Ransom began to hear the tune again in the back of his head: Dance boatman dance…Is this kid playing me for a fool, he wondered.
After going down yet another level, finding an underground cavern, Ransom heard human voices ahead of them in the darkness. “We shoulda brought a lantern,” said Ransom.
“No, a lantern would only warn the Leather Aprons, and they’d be running off like rats in every direction.”
There was no need of a lantern because fires were burned in barrels ahead of them. They moved toward the light.
Samuel’s shadow crept ahead of them, and Ransom’s huge shadow foretold his coming, and it did appear a horror moving along the wall toward those huddled around the fire down here.

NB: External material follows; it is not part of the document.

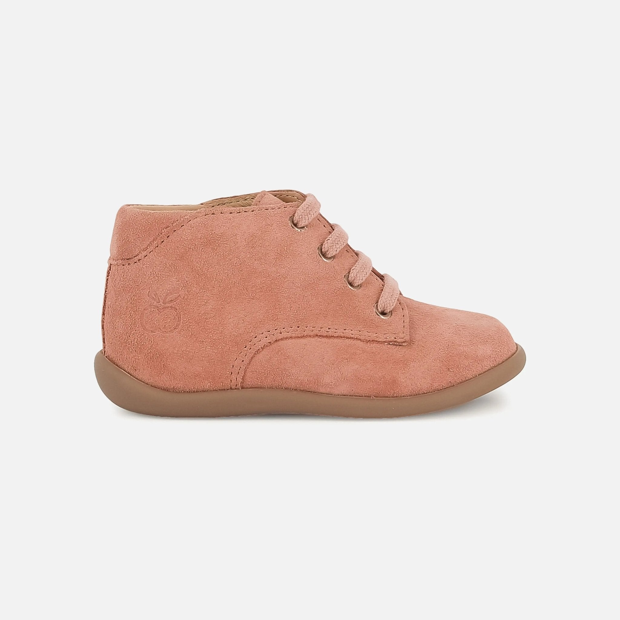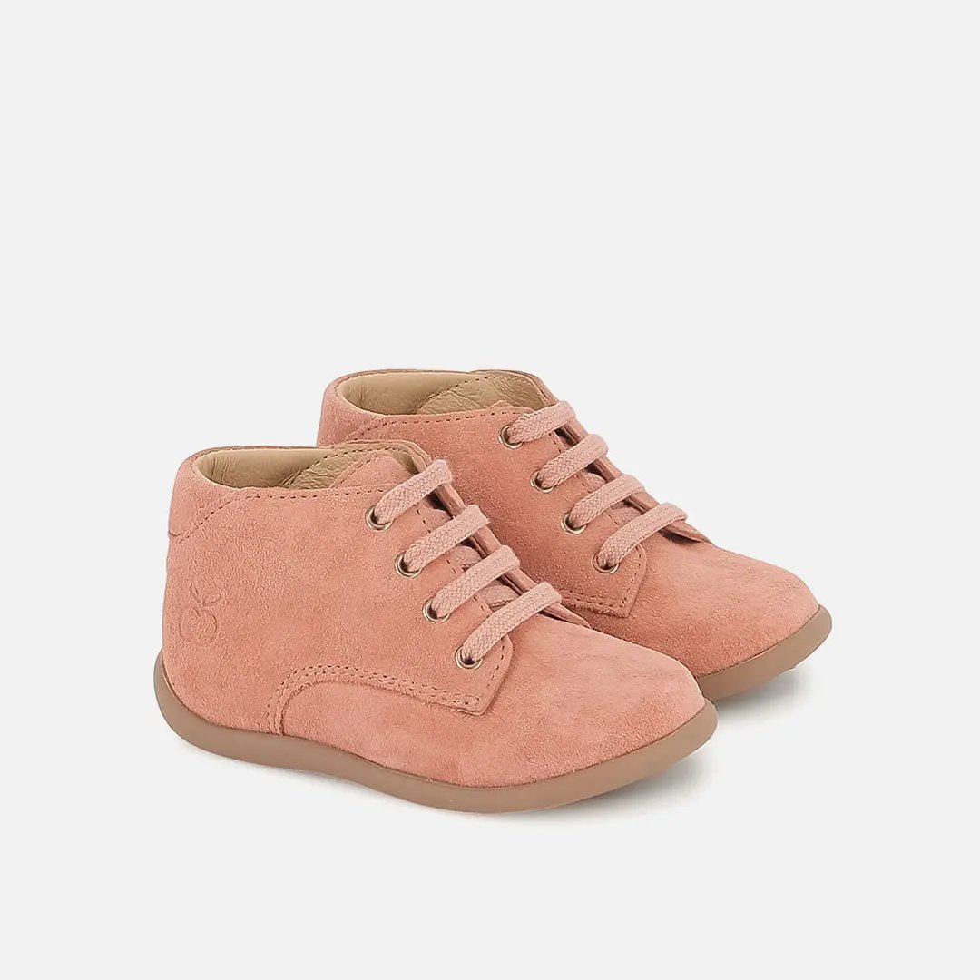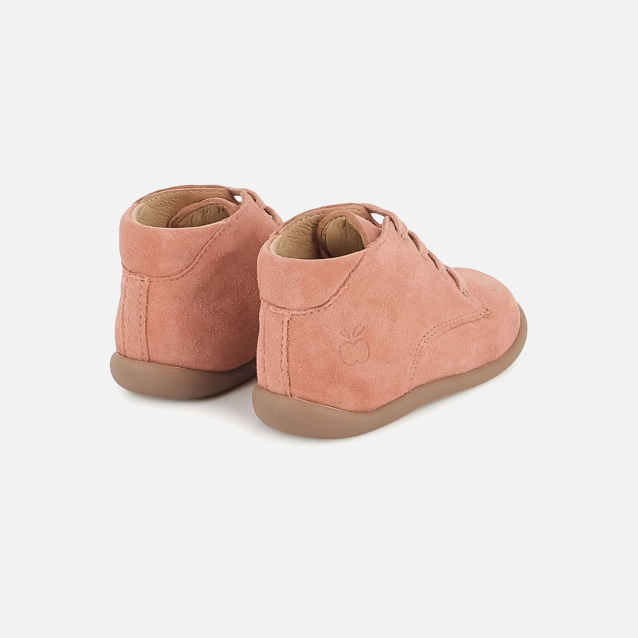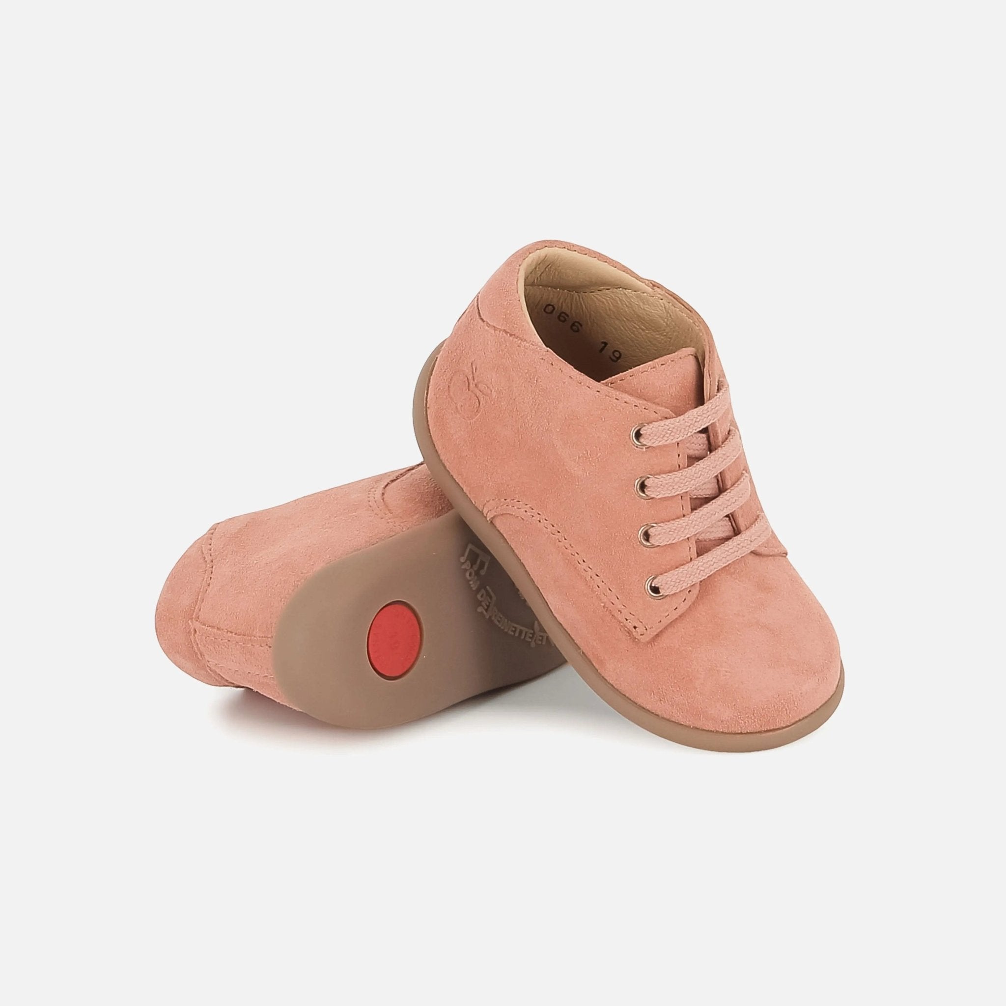 This lace-up first-step shoe for children is presented in a pink suede leather version. Lightweight and equipped with a rubber sole, this shoe is designed with quality materials for proper foot development. An Anti-Twist reinforcement at the back of the shoe provides optimum support and stability, while offering flexibility at the front of the foot.

They all began shouting at once:
“It’s Bloody Mary!”
“Zoroaster!”
“Satan’s come!”
Samuel shouted, “No! It’s Inspector Ransom! He’s come to kill the Aprons!”
“Please! Help me!” shouted one of the children in the grainy darkness where Alastair and Sam had stopped.
“I know Bloody Mary got Danielle, and I know I’m next!” shouted another.
This child was joined by the others. “You’ve got to hide me! Hide me!”
Alastair’s companion, Sam, shouted, “Don’t be fooled! Some of the Aprons have pretended to be like the rest of us, but they’re pimps, luring kids to Zoroaster, and then they all jump ’em and stab ’em all at once.”
“Sam’s right!” shouted King Robin, who’d asserted his authority and had recently led any of his band willing to follow him from the safety of Hull House to this so-called hiding place. “But we don’t know who’s the traitor.”
“But this time Zoroaster is dealing with me and not some child,” countered Alastair.
“They’re their own gang. There’re a lot of ’em,” warned Robin.
“Where’re they hiding? Where, Robin?” implored Ransom. “Tell me! Tell me now, Robin!”
“Deeper in,” he indicated the blackness of this underground passage.